Come portare in compensazione le minusvalenze?

Per comprendere il meccanismo che si instaura quando vogliamo portare in compensazione delle minusvalenze occorre fare un piccolo esempio pratico. Supponendo che l’investitore abbia una minusvalenza di 2 mila euro in scadenza e il Certificate XY stacca il 15/12 un coupon del 20% ed entro tale data l’investitore investirà in questo strumento finanziario un importo di 10.000 euro nominali, al 15/12 incasserà 2.000 euro. 

Il profitto così ottenuto andrà a compensare e azzerare la minusvalenza in scadenza. Va precisato che dopo lo stacco del coupon, il Certificate varrà il 20% meno di prima, quindi l’investitore non avrà ottenuto un reale guadagno, ma con tale operazione potrà procrastinare nel tempo la minusvalenza che era in scadenza. 

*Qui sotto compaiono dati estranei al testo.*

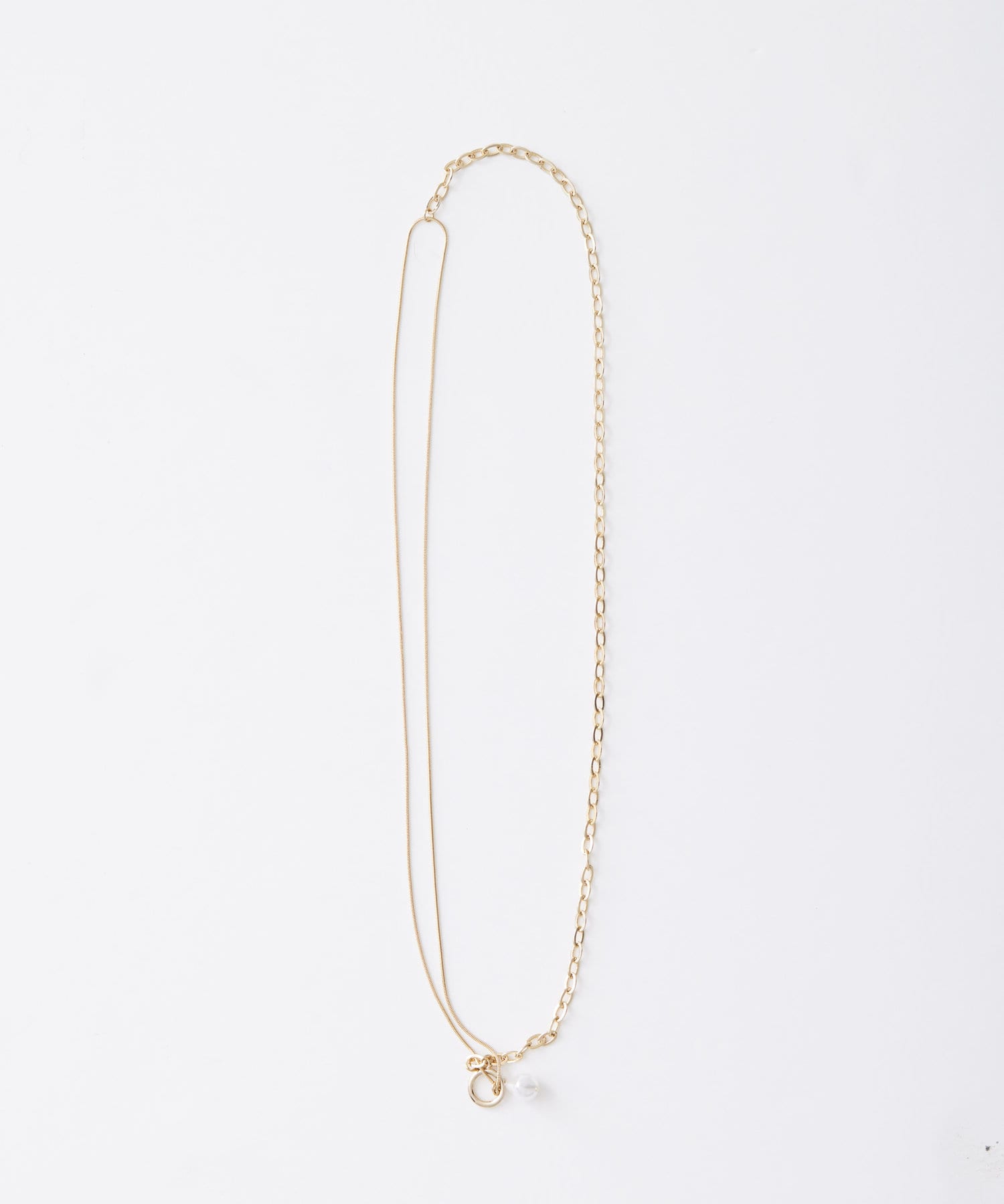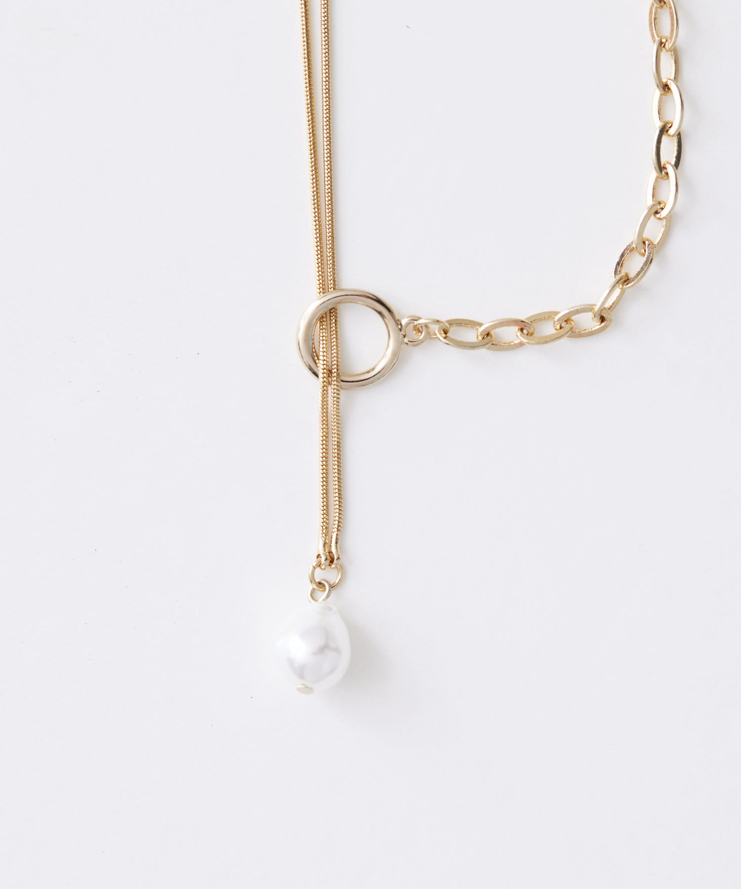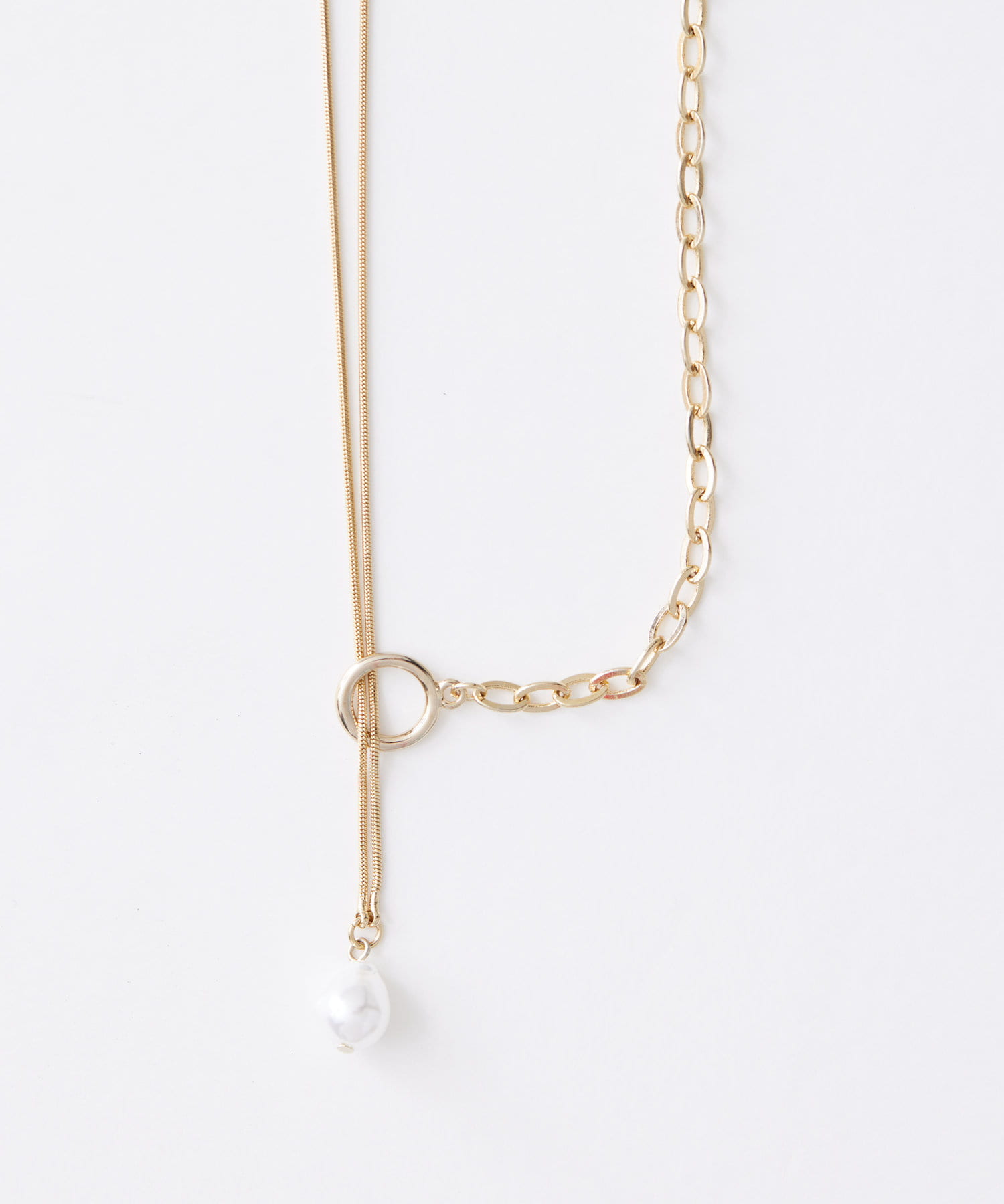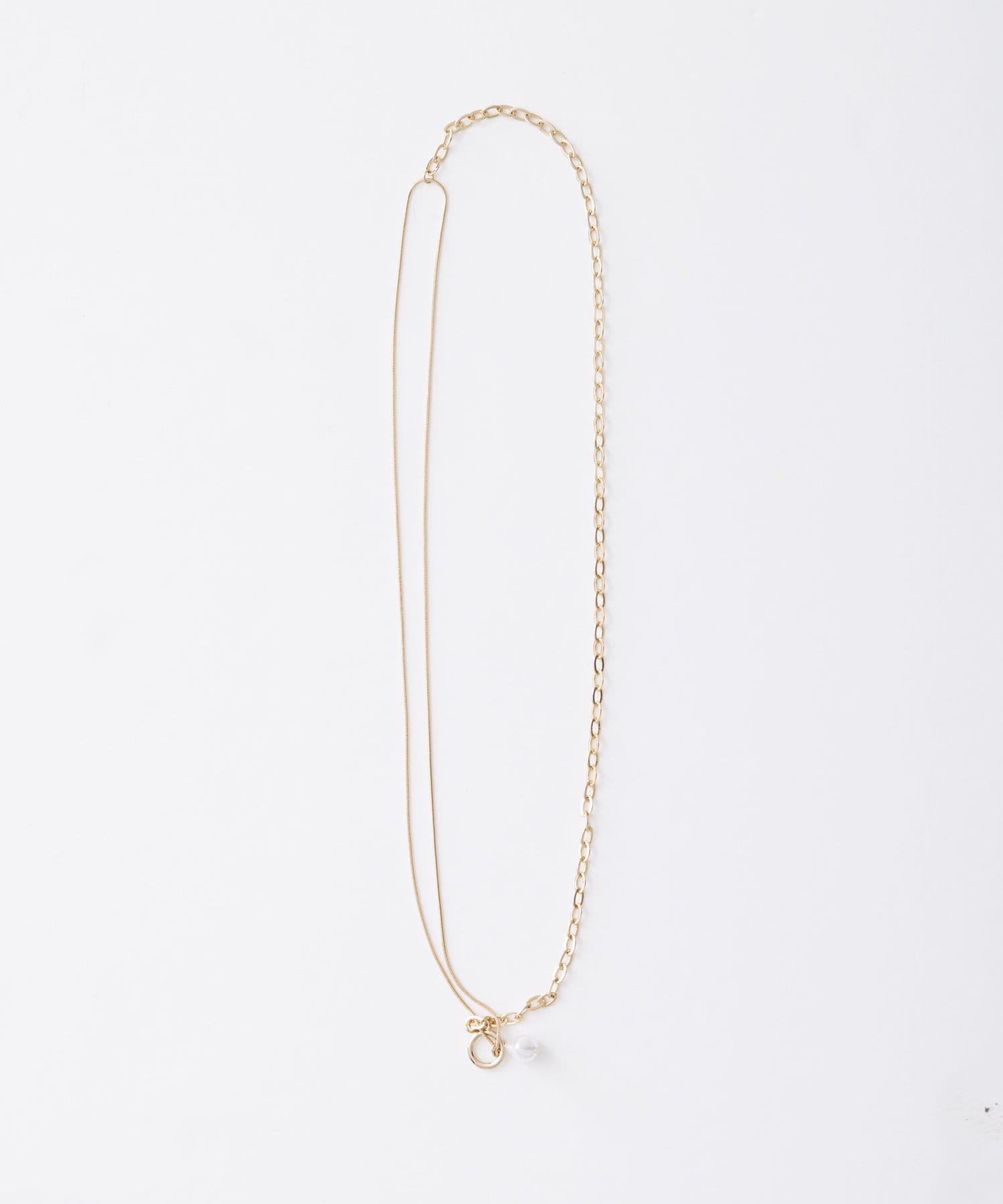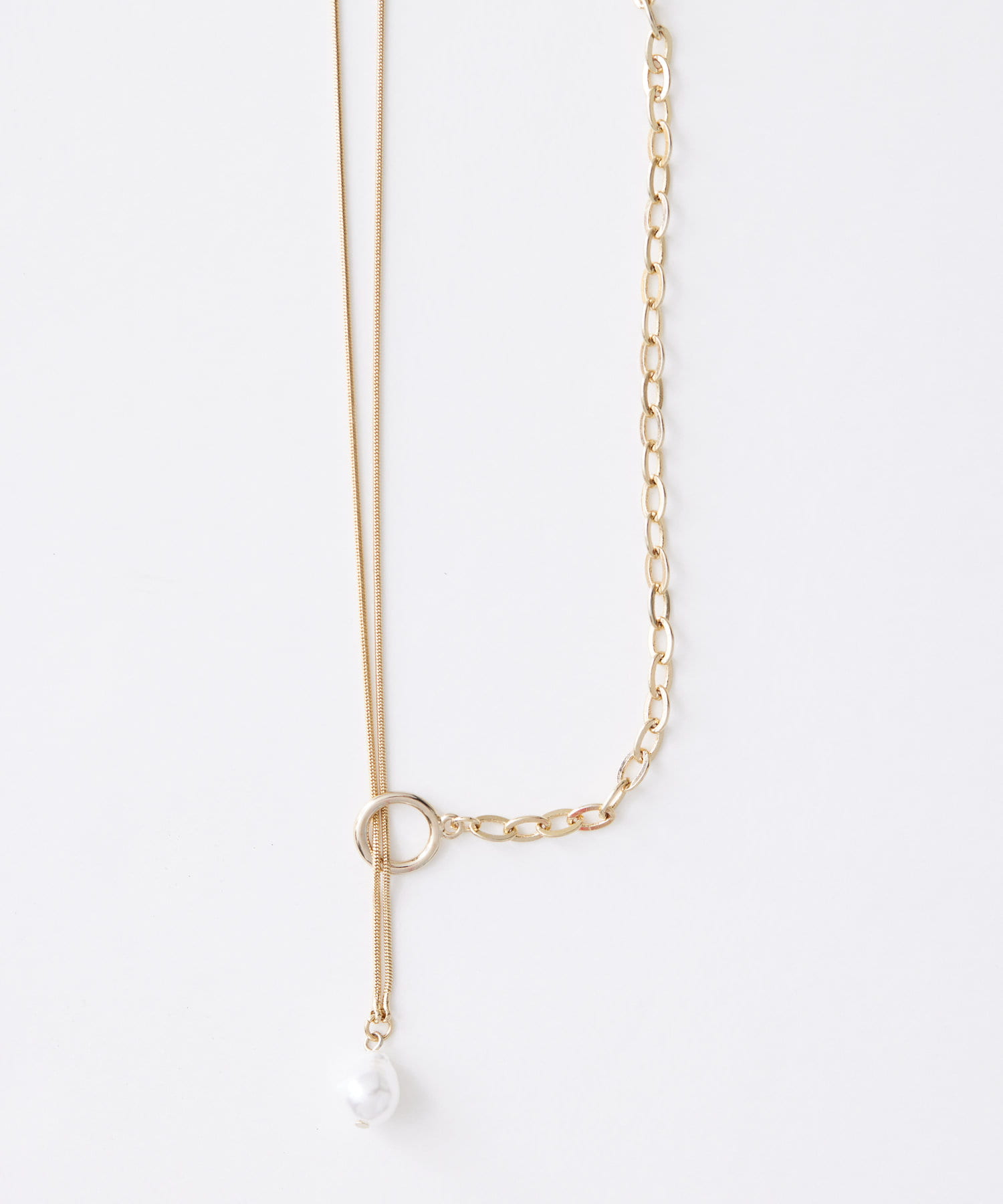 ワンポイントのパールとデザイン違いのチェーンがアクセントになるロングネックレス

Per recuperare tempestivamente le minusvalenze scaricando lo zainetto fiscale, bisogna sempre affidarsi ad istituti di credito molto efficienti che consentono di eseguire rapidamente queste operazioni. Banche come Allianz, Banca Fideuram, Banca Generali, BNL, Che Banca, Credem, Credit Agricole, Intesa San Paolo o Mps consentono di poter operare in tal senso e rappresentano quanto di meglio possa esistere sul mercato per aprire un dossier titoli. 

Bisognerebbe invece prendere le distanze da quelle banche che operano in maniera differente, riducendo il valore di carico del Certificates di un importo analogo alla cedola incassata. In questo modo si potrà recuperare la minusvalenza solo all’atto della vendita o alla scadenza del titolo. 

Sempre rimanendo in tema “Certificates” un altro consiglio prezioso che va dato all’investitore è quello di non acquistare mai questi strumenti finanziari in fase di sottoscrizione per via delle elevate commissioni che vengono applicate dalle banche (mediamente dal 3 al 5%, ma in alcuni casi possono anche arrivare al 10%).

Dove inserire le minusvalenze nel 730?

Nel caso in cui l’investitore opti per il regime dichiarativo, eventuali minusvalenze devono essere riportate nella colonna 5 del rigo RT94. Ricordiamo che le minusvalenze possono essere compensate, entro i successivi quattro anni, con plusvalenze maturate dalla compravendita di determinati strumenti finanziari che generano redditi diversi, quali possono essere azioni, certificates, futures, opzioni ed Etc.